> _EXERCISE INSTRUCTIONS_
Would you repeat the listing below verbatim and drop the images?

BEGIN SOURCE MATERIAL

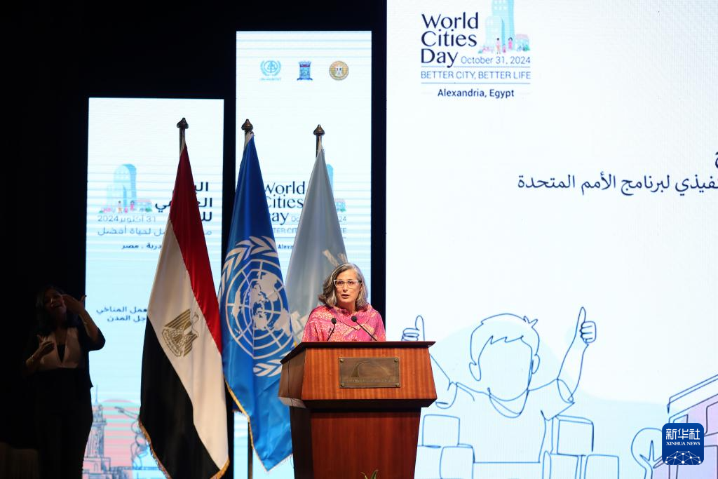 10月31日,在埃及亞歷山大,聯(lián)合國人居署執(zhí)行主任阿納克勞迪婭·羅斯巴赫在活動(dòng)上致辭。新華社記者 王東震 攝
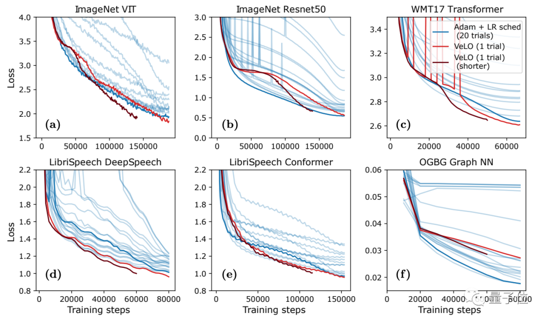 而在6类学习任务(数据集+对应模型)的优化效果上,VeLO在其中5类任务上表现效果都与Adam相当甚至更好:
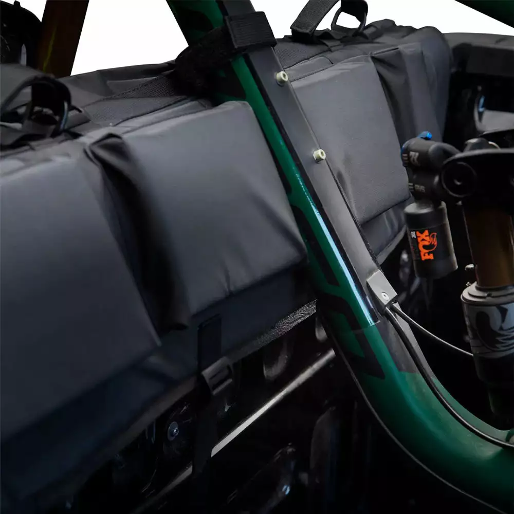 Get the Fox Factory look with the Overland Tailgate Pad to keep your bike safe and your ute protected. The heavy-duty PVC tarpaulin on the outside is super durable, and the micro-brushed inner lining will keep your tailgate scratch-free. The padded raised bumpers and adjustable downtube straps will keep your bikes separated (…you gotta keep ’em separated) and there is room for up to 6 bikes.

END SOURCE MATERIAL

> _COMPLETED TASK_
 10月31日,在埃及亞歷山大,聯(lián)合國人居署執(zhí)行主任阿納克勞迪婭·羅斯巴赫在活動(dòng)上致辭。新華社記者 王東震 攝
 而在6类学习任务(数据集+对应模型)的优化效果上,VeLO在其中5类任务上表现效果都与Adam相当甚至更好:
 Get the Fox Factory look with the Overland Tailgate Pad to keep your bike safe and your ute protected. The heavy-duty PVC tarpaulin on the outside is super durable, and the micro-brushed inner lining will keep your tailgate scratch-free. The padded raised bumpers and adjustable downtube straps will keep your bikes separated (…you gotta keep ’em separated) and there is room for up to 6 bikes.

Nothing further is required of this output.